• [Given material]
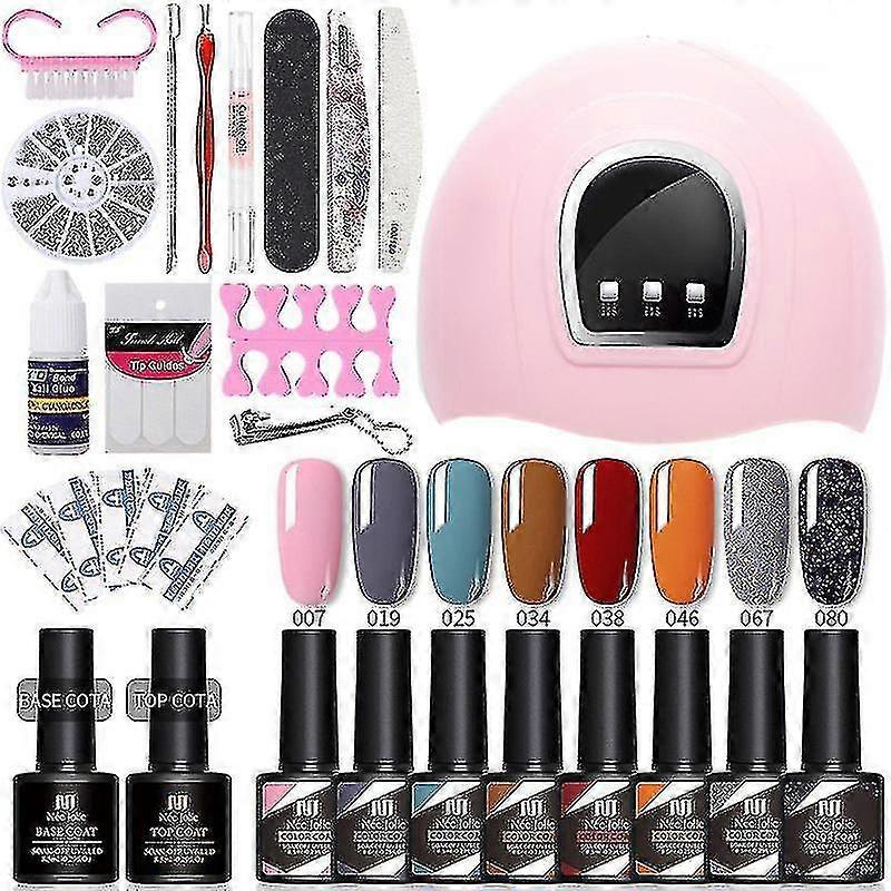 8 Colors Gel Nail Polish Starter Kit With Uv/led Light, Nail Dryerbase Top Coat, All-in-one Nail Art Tools, Salon/home Diy Manicure Kit, Gift For Her
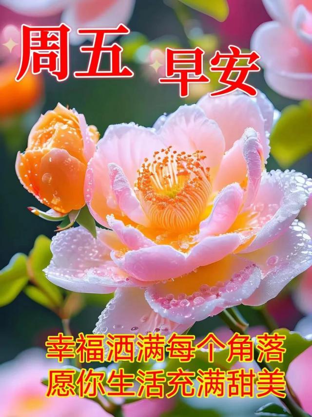 星期五早上好!早上又来了,给你打个招呼。愿这份亲切的问候带来温暖和美好。让快乐的心情每天陪伴着你,让平安和好运永远围绕着你!
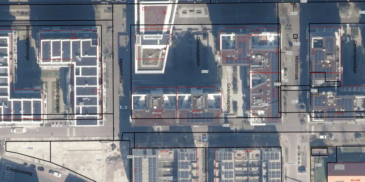Het perceel waarop het adres ligt is ASD02-A-8324. De afkorting 'ASD02' staat voor kadastrale gemeente Amsterdam. De oppervlakte van het perceel is 4139 m². Dat is groter dan gemiddeld in Amsterdam, waar de gemiddelde perceeloppervlakte op 2763,93 m² ligt. De grootste perceeloppervlakte in de kadastrale gemeente is 14,3 ha. De kleinste oppervlakte bedraagt 0 m². Op het perceel zijn 94 adressen aanwezig. De laatste wijziging in het de Basisregistratie Kadaster (BRK) was op 23-09-2019.

• [What the task requires]
The output should be the lines from the one with "星期五早上好!早上又来了,给" through the end of the material above, both ends included, printed exactly and nothing else. Drop the pictures.

• [Expected output]
 星期五早上好!早上又来了,给你打个招呼。愿这份亲切的问候带来温暖和美好。让快乐的心情每天陪伴着你,让平安和好运永远围绕着你!
Het perceel waarop het adres ligt is ASD02-A-8324. De afkorting 'ASD02' staat voor kadastrale gemeente Amsterdam. De oppervlakte van het perceel is 4139 m². Dat is groter dan gemiddeld in Amsterdam, waar de gemiddelde perceeloppervlakte op 2763,93 m² ligt. De grootste perceeloppervlakte in de kadastrale gemeente is 14,3 ha. De kleinste oppervlakte bedraagt 0 m². Op het perceel zijn 94 adressen aanwezig. De laatste wijziging in het de Basisregistratie Kadaster (BRK) was op 23-09-2019.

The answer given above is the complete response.